Храм строился быстро. Он не был ни сложным, ни вычурным — просто большое квадратное здание с задним и двумя боковыми входами и портиком, который поддерживали четыре обычные колонны, узкие внизу и расширяющиеся кверху. Простота, однако, подчеркивала пышность украшений. По центру портика, меж двух колонн, зиял окруженный резными позолоченными рогами вход в темное нутро. По обе его стороны мчались друг на друга мозаичные быки. Меж мозаик, на фоне темного проема, стоял позолоченный трон — подлокотники его заканчивались бычьими головами с раскрытыми в реве пастями, резьба на высокой спинке тоже изображала быков.
Именно на этом троне, по замыслу Пасифаи, должен был являться народу во всем своем блеске и величии Бог-Бык. Ариадна, правда, сомневалась, что матери удастся воплотить эти замыслы. Астерион, во всяком случае, помогать ей в этом не собирался. Он вопил, лягался и рвал одежды, которые хотела заставить его носить Пасифая. Он не желал сидеть на ее коленях на троне, кидался на нее и так лязгал зубами, будто хотел перегрызть ей горло. Но его неосознанное неприятие показного величия, казалось, не умеряло, а лишь усиливало настойчивость царицы. Она велела связать его, а поверх веревок укутать позолоченным покрывалом — и так понесла благословлять храм. Его рев она толковала собравшимся как приветственный клич.
С тех пор он поднимал крик, едва завидев ее, но пока что ему не хватало ни сил, ни ловкости, чтобы спастись от нее — и Пасифая принудила его участвовать в нескольких церемониях. Однако ко времени, когда Астериону сравнялось полгода, он уже ходил, а ростом и весом был с двухгодовалого ребенка — так что силой заставлять его делать что-либо царица уже не могла. Оставайся «бог» по-прежнему недвижим — среди его почитателей неминуемо поползли бы слухи, а может, кое-кто и засомневался бы, так что Астериона больше нельзя было связывать и таскать на руках. То, что в конце концов Пасифая добилась своего, окончательно убедило Ариадну, что Астерион — не божество, а просто несчастная изуродованная жертва Посейдоновой злости.
Жалость не давала девушке совсем отвернуться от ребенка, даже когда его переселили из детской в пышные покои, изначально приготовленные для него Пасифаей. Теперь за ним ходили «приличествующие» опекуны-мужчины, крепкие и вооруженные «жезлами служения», которые позволяли удерживать Астериона на расстоянии и наносить ему чувствительные удары — вот только вряд ли эти опекуны помнили, сколько Астериону на самом деле лет. Физическое его развитие по-прежнему поражало: в следующее солнцестояние ему исполнился год — а выглядел он лет на пять или шесть.

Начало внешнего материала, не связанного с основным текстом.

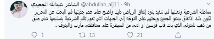 كشف الشاعر عبدالله الجعيدي، اليوم، سبب مماطلة حكومة الشرعية في تنفيذ بنود اتفاق الرياض.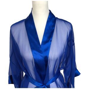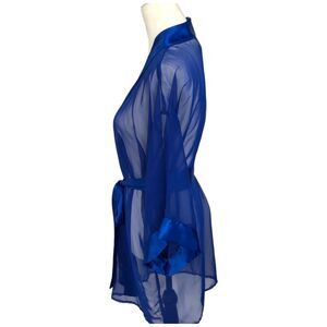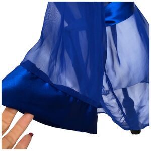 Royal Blue Sheer Open Front Sexy Kimono Cardigan Robe with Satin Trim One Size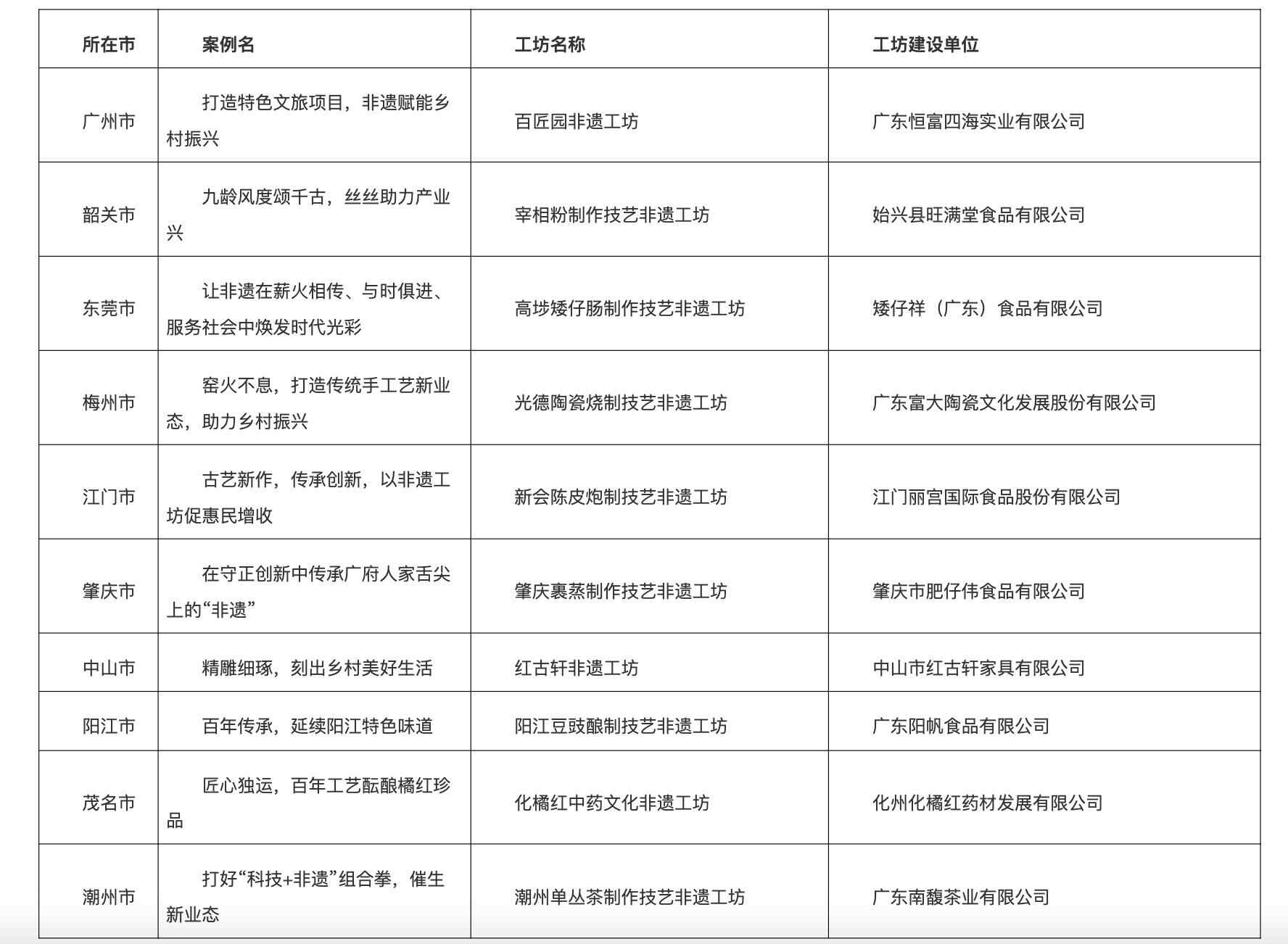 包括广州市百匠园非遗工坊、韶关市宰相粉制作技艺非遗工坊、江门市新会陈皮炮制技艺非遗工坊在内的10家非遗工坊入选优秀!

Возможно, Пасифаю убеждали необычайные рост и сила Астериона или же ее собственная отчаянная жажда верить в это — и она продолжала утверждать, что он бог. Никаких других знаков божественности он не подавал: он не говорил (быть может, просто не мог) и по-прежнему ходил под себя и мочил пеленки. Кроме того, он, казалось, не понимал даже простейших команд. Однако выдрессировать его было можно — с помощью лакомств (кусочков мяса, которое он предпочитал всему) и наказаний, — и его выдрессировали; он приучился не кидаться на Пасифаю и позволял надевать на себя золотую корону и расшитый золотом килт. Рога его были уже отчетливо видны.

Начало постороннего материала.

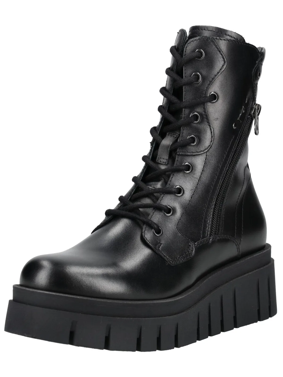 Design: Luchtdoorlaatbare inlegzool, Ritszakken aan de zijkant; Type sluiting: Snoersluiting; Type hak: Sleehak; Materiaal: Leer; Motief: Effen; Plateau: Met plateau; Materiaal: Glad leer; Schoenneus: Ronde neus; Extra's: Crêpezool; Voering: Warm gevoerd; Hakhoogte: Middelhoge hak (3-7 cm)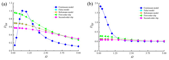 Figure 9 and Figure 10 present the variations of the dynamic stiffness and damping coefficients of different correction models with perturbation frequency for ε = 0.5, B/D = 0.8 and Λ = 3 when Kn = 0.65. It is seen that the perturbation frequency has great influence on the dynamic coefficients. As the perturbation frequency increases, the dynamic stiffness and damping coefficients Kxx, Kxy, Kyy and Dyx increase. The increasing extent of Kyy is bigger than Kxx because of the gas film mainly supports the weight of high-speed rotor along the vertical direction, while Kyx, Dxx, Dxy and Dyy decrease quickly. With gas rarefaction effects taken into account, the direct stiffness coefficients Kxx and Kyy are linearly proportional to the perturbation frequency, but the direct terms of the damping coefficients Dxx and Dyy decrease slightly with the rise of frequency. Meanwhile, the cross coupled stiffness coefficients Kxy and Kyx gradually approach to the constant values with increasing Ω, yet the Dxy and Dyx are hardly affected by perturbation frequency. The dynamic stiffness coefficients for rarefaction models are less than those of continuum flow. When Ω > 2.0, the direct damping coefficients with the effects of gas rarefaction are higher than those of continuum flow. The reason might be that the energy transport by gas molecule collision is less, to some extent, which gives a larger value of fluid film stiffness and a larger gas film damping coefficient. The first-order slip model overestimates the stiffness coefficients of micro gas journal bearing compared with the simulation results of Boltzmann model, while the second-order velocity slip model underestimates it. Because the FK model is obtained based on the linearized Boltzmann equation, its results are in good agreement with those of the Boltzmann model.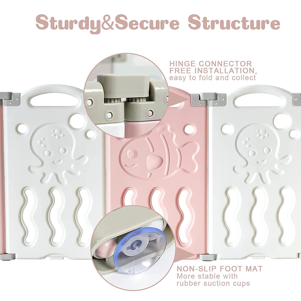 Double Anti-slip Suction Cups & Safety Lock - Each panel bottom is outfitted with double rubberized suction cups that create a sturdy base designed to withstand sliding from your mobile child and comes with an external locking gate that is very secure and a great feature to walk in and out your toddler playpen.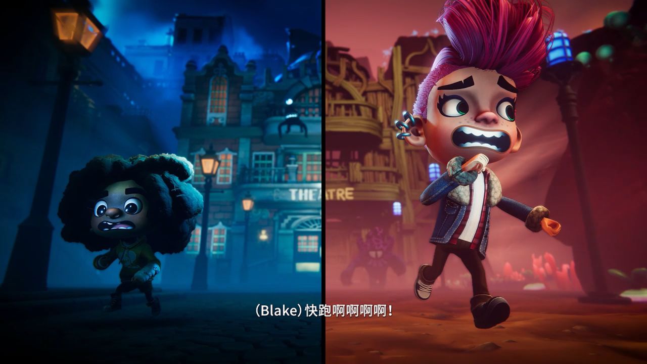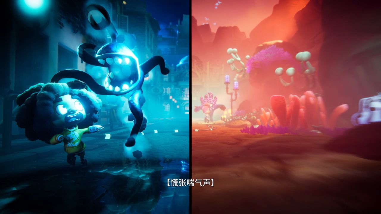 男女雙角色,左右分屏兩種畫風,一場童話世界的奇妙旅程由此展開。在逃跑的過程中,男主打開女主路線上的路燈開關,成功控制住怪物,爭取到了時間,展示雙人合作玩法。

Приучился Астерион и сидеть на троне, который был готов задолго до того, как закончили строить храм; смирился он и с поясом-петлей из позолоченного металла, которым его удерживали на месте. Он ее не любил, но легко отвлекался и забывал, что привязан. Сама того не желая, Ариадна подсказала матери, как заставить его сидеть спокойно. Она помнила, что он, по сути, еще младенец, и приносила ему яркие кубики и разные игрушки — они искрились, блестели и покачивались на ветру или двигались, если дернуть за веревочку. Когда она ставила кубики один на другой и позволяла Астериону толкать их, чтобы они рассыпались, или раскачивала перед ним блестящие игрушки — он сидел совершенно спокойно, замерев от восторга.
Пасифая, как-то застав их за игрой, против обыкновения не стала выгонять Ариадну, как та боялась. Почти отчаявшись заставить Астериона взбираться на трон и сидеть там, царица ухватилась за мысль, что его можно привлечь туда, чем-то заинтересовав.

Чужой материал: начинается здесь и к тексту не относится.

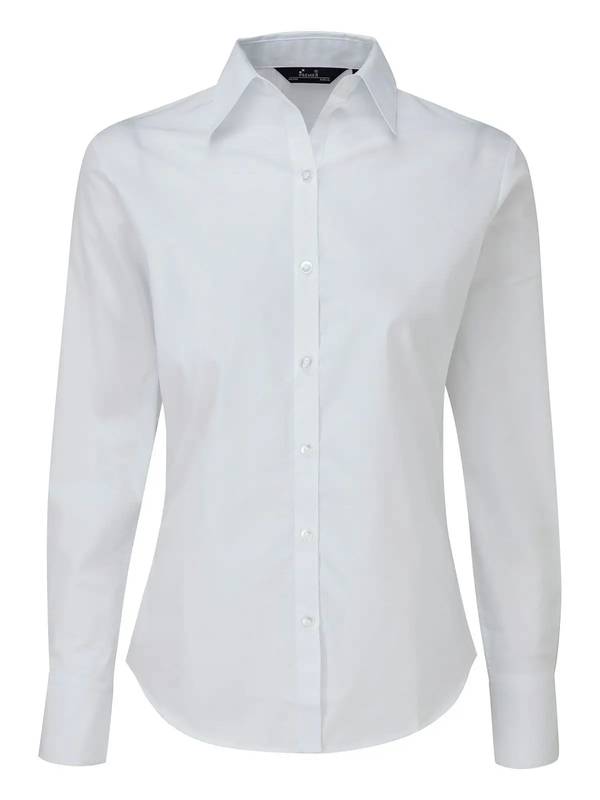 Camicia manica lunga in popeline, finiture con pieghe sul retro e sul davanti per un taglio piu’ aderente, colletto morbido, due bottoni sui polsini.

Немедленно были собраны жрецы и жрицы, чтобы служить Богу-Быку, танцуя перед его алтарем, и Пасифая велела Дедалу изобрести для них одежды, которые бы переливались и свободно развевались, завораживая разум и душу. Танцоры в ярких, будто живых, одеждах выделывали разные акробатические номера, как, например, пирамиды, которые рассыпались мерцающей грудой по мановению руки Астериона или начинали ускорять и изменять свои движения в такт его жестам.
Ариадна никогда не участвовала в этих церемониях, и это стало причиной ее стычки с матерью накануне зимнего солнцестояния — перед вторым днем рождения Астериона. Пасифая во всем противостояла дочери, а та как раз принесла Астериону целый короб новых ярких игрушек — в подарок на день рождения. Он уже мог произносить несколько слов, и его счастливый вопль «Ридна!» (так он называл Ариадну) известил мать о ее приходе.
Астерион, бросившийся было к сестре, остановился на полушаге, когда Пасифая показалась в дверях. Коровьи губы его приоткрылись, обнажая зубы в оскале, особенно жутком на бычьей морде. Он зарычал и попятился; Ариадна, не раз видевшая такое прежде, поставила короб и обернулась к Пасифае.
Царица взглянула на деревянную лошадку с тележкой, вертящиеся колеса которой были ярко раскрашены и должны были блестеть при движении, на два волчка и несколько пирамидок, тоже украшенных чем-то искрящимся. Игрушки напоминали, что ловкостью и хваткостью Астерион не уступит десятилеткам, ровесником которых выглядел. Брови Пасифаи изогнулись.
— Итак, ты признаешь силу Бога-Быка, — с улыбкой сказала она. — Разве может двухлетка играть такими игрушками? — Царица громко засмеялась. — Коль скоро ты уже заискиваешь перед Богом-Быком, то можешь и станцевать для него в день его рождения и присоединиться к нам в нашем служении.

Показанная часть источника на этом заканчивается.